- [TASK]:
Word for word, copy the data that follows and skip its pictures.

- [DATA SECTION]:
——————

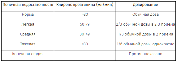 Пожилым больным доза корригируется при наличии почечной недостаточности и при длительной терапии необходим контроль функции почек.
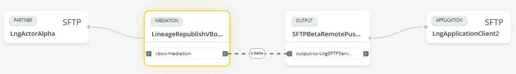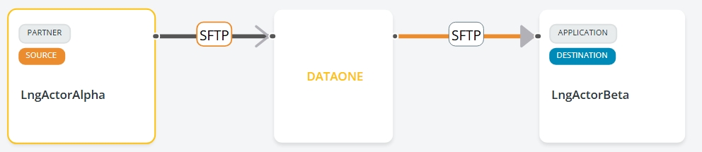 The SFTP chip on the left (input) has an orange arrow in the output. Clicking on the SFTP output will take you to the most detailed level, where you can see the flow and its configuration.
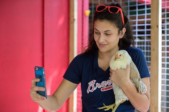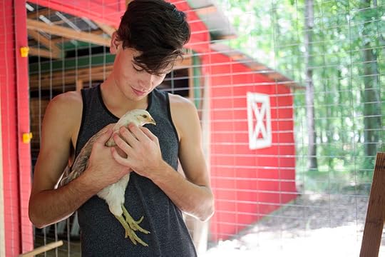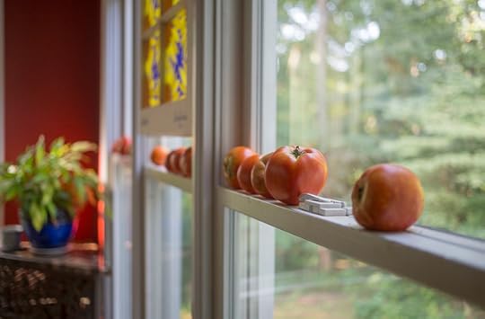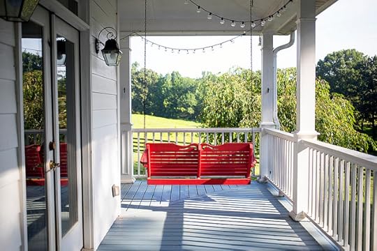 blue porches and red swings, ripe tomatoes on the sill, children snuggling chickens,

——————

- [EXERCISE OUTPUT]:
 Пожилым больным доза корригируется при наличии почечной недостаточности и при длительной терапии необходим контроль функции почек.
 The SFTP chip on the left (input) has an orange arrow in the output. Clicking on the SFTP output will take you to the most detailed level, where you can see the flow and its configuration.
 blue porches and red swings, ripe tomatoes on the sill, children snuggling chickens,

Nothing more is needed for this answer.